Когда кто-нибудь восклицал: «Как чудесно жить в таком месте, где никогда не идет дождь!» – он обычно соглашался. Но, по правде говоря, четыре или пять дождливых дней в году нравятся ему больше всего. Они разбивали монотонность солнечного света; они были похожи на внеочередные выходные, неожиданно свалившиеся с неба. В дождливые дни весь остров замирал. Все смотрели на небо или бегали по округе, подбирая вещи, забытые на дорожке, под окном или на террасе. В дождливые дни Эрхард не водил такси. Когда идет дождь, пассажиров не счесть, но ему жаль напрасно растрачивать хороший дождливый день. Машина стоит у дома, а он сидит под брезентом и пьет «Лумумбу», пока не заканчивается теплое какао в термосе. Потом он заснул. Если в такой день он предпочитал напиться в каком-нибудь отеле, то после снимал там номер. Он знаком с администраторами многих отелей. Войдя в номер, он, не раздеваясь, бросался на постель. После «Лумумбы» у него не бывает похмелья.
Вот чем ему так нравится «Лумумба».
Глава 17
Что-то хлопает. Наверное, крыша на ветру. А может, это гром. Кто-то постучал в дверь.
– Эрхард! – Голос перекрывал сильный, проливной дождь. Гром тоже гремел… и кто-то стучал в дверь. Потом тишина.
Эрхард сбросил одеяло, встал и пошел к двери. Промокнуть он не боялся. Ему нравится чувствовать на коже холодные капли; они уводят его все дальше и дальше от размышлений или сна, в который он провалился. Он узнаёт машину с откидным верхом и фигуру, которая сидит в машине, за запотевшим стеклом. Рауль барабанит в дверь.
– Я знаю, что ты дома! Допивай «Лумумбу» и выходи!
– Диос мио, парень, ты мне весь дом разнесешь!
Рауль повернул дверную ручку и приложил ладонь козырьком ко лбу. Разглядев в темноте Эрхарда, он расхохотался и, весь мокрый, обнял его, от этого Эрхард тоже сделался мокрым.
– Пошли! – сказал Рауль и потянул друга к машине. – Мы едем на маленькую экскурсию.
Эрхард уже привык к таким выходкам Рауля, поэтому нисколько не возражал.
– Минутку, – сказал он. – Я сейчас. – Он вбежал в дом, схватил стакан с пальцем и отнес его в кладовку. Поставил его на верхнюю полку, между консервными банками и пачками какао. Какое-то время смотрел на палец. Потом клещами вынул его из стакана и осторожно переложил в пакет для заморозки. Завязал пакет тугим узлом. Сверточек удобно поместился в кармане его шортов цвета хаки и не торчал наружу. Никто не догадается, что там.
Беатрис переползла на заднее сиденье, а Эрхарда усадили вперед. Рауль – он такой. Беатрис обняла его сзади, и ее кудряшки щекочут ему шею.
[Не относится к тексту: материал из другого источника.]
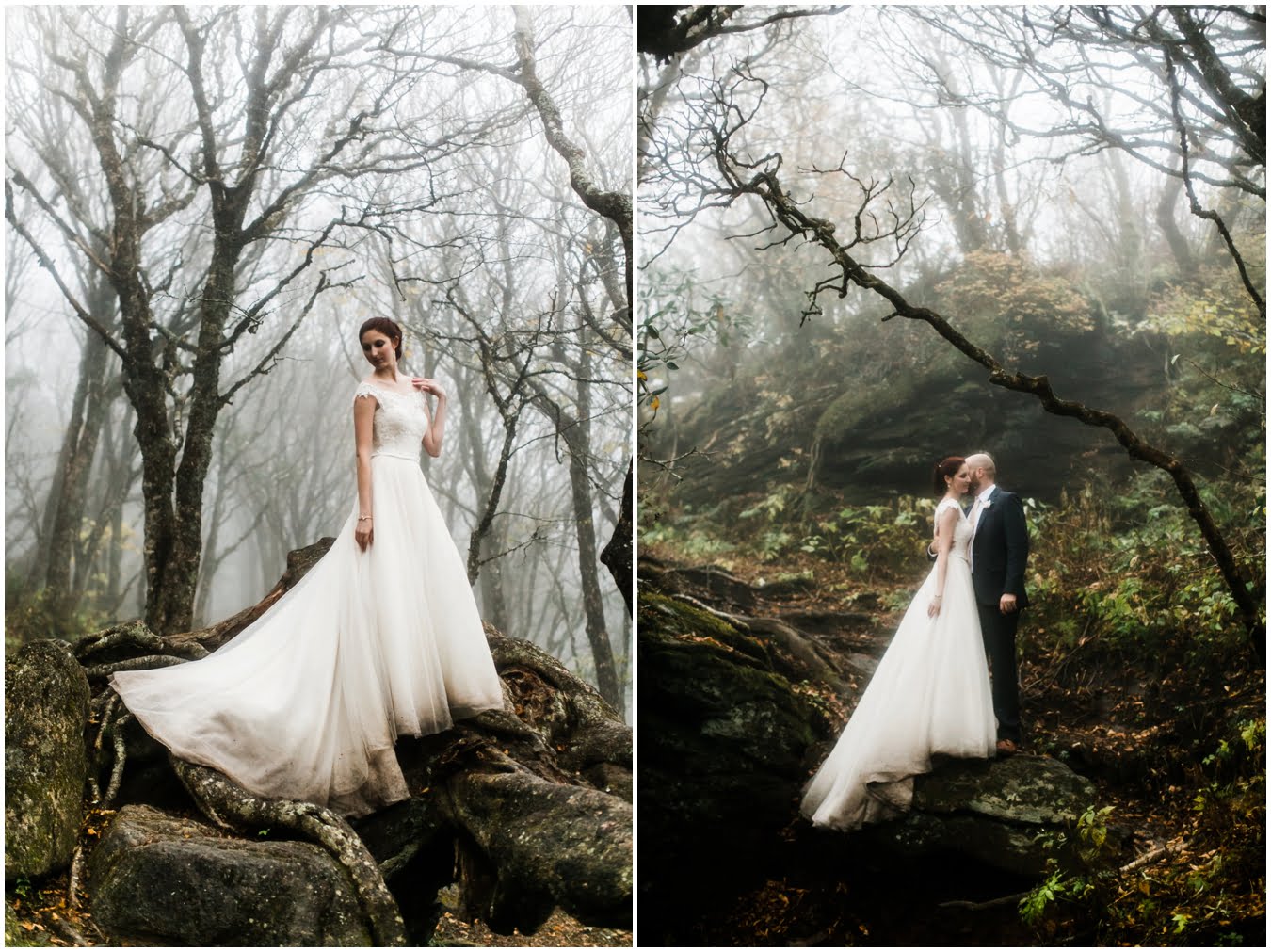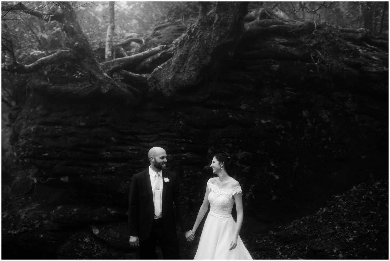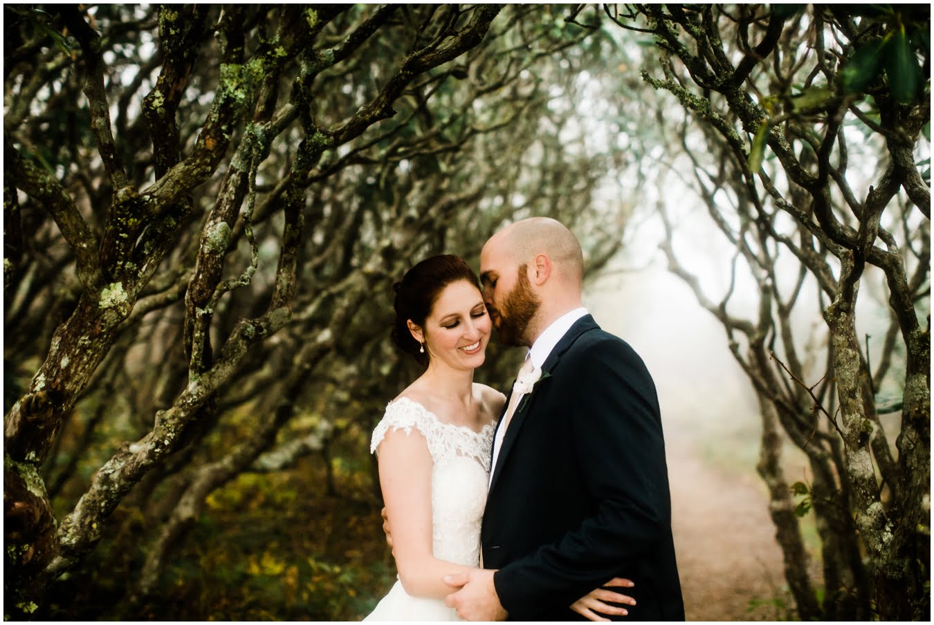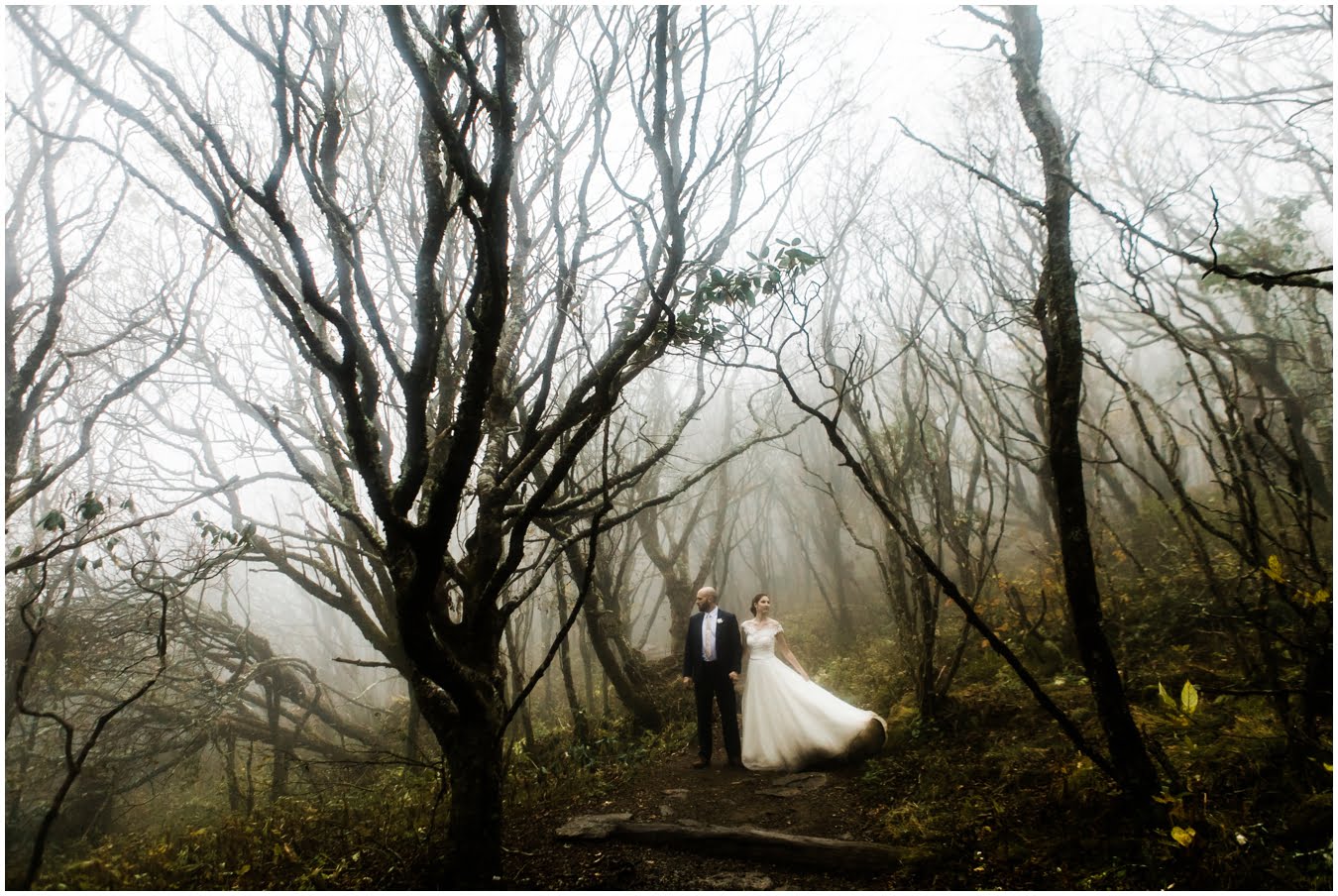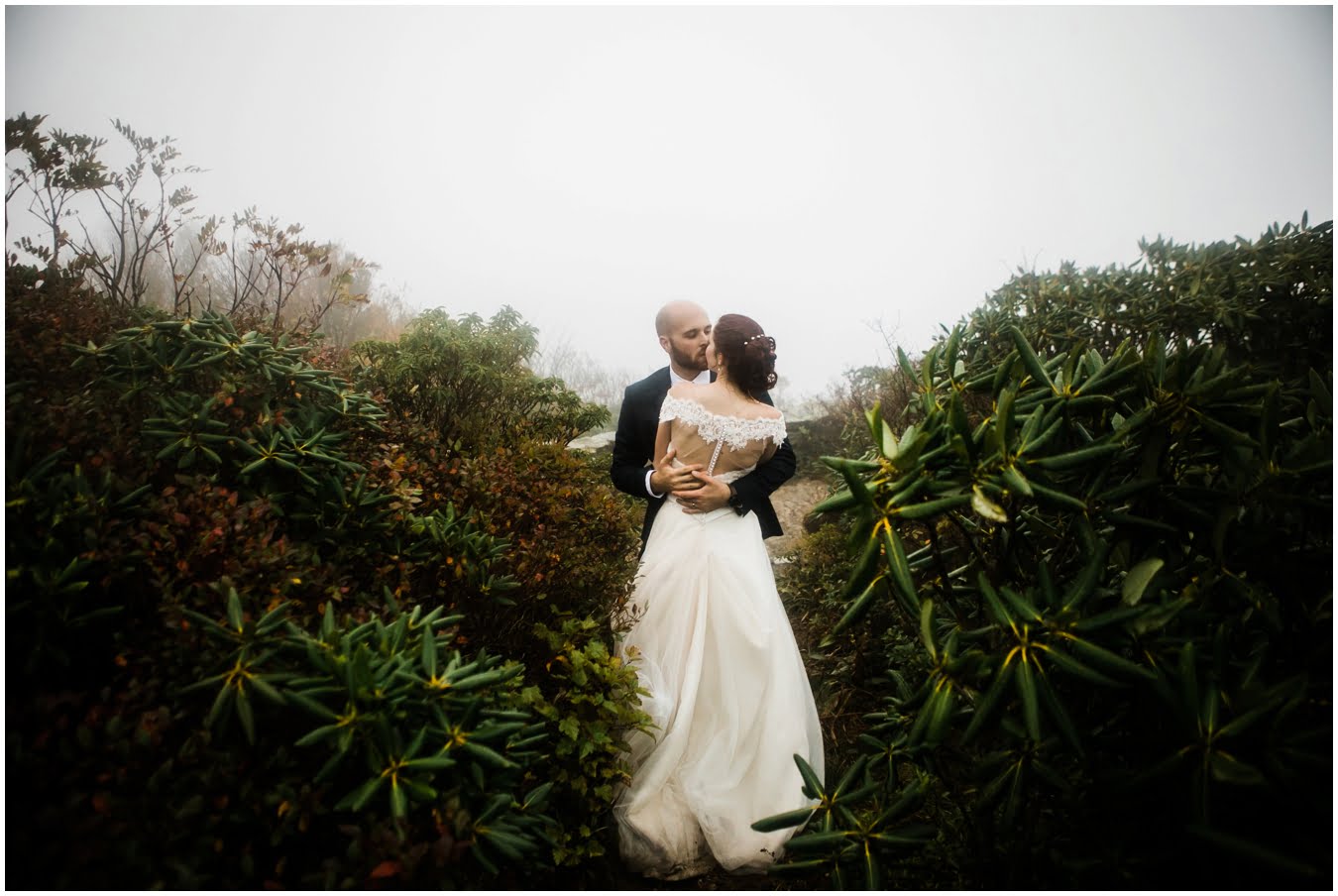 {As we were coming back down the mountain, I had Shane twirl Heather in a tunnel of rhododendrons. Her skirt flared out perfectly and the mist swirled around them and I gasped “This is SO Jane Austen”. Heather squealed happily but Shane paused, confused, and said “Isn’t that the chimpanzee lady?” We all had a good laugh declaring “OMG this is SO Jane Goodall” for the rest of the shoot whenever something great happened. I love love love working with clients I can laugh with!}

От нее всегда пахло по-разному, наверное, она никогда не душится одними и теми же духами. Сегодня от нее пахло ванилью и солью. Рауль задним ходом вывел машину на тропу Алехандро и развернулся, разбрызгивая грязь. В машине гремела музыка. По мнению Эрхарда, это просто грохот, а никакая не музыка.
– Все придумала Би! – прокричал Рауль.
– Я просто сказала, что молнии красивые!
– А потом предложила поехать в Котильо.
– Там их лучше видно.
– Ну а я что говорю?
– Но почему в Котильо? – спросил Эрхард, глядя, как по лобовому стеклу быстро бегают «дворники». – Здесь ведь то же самое!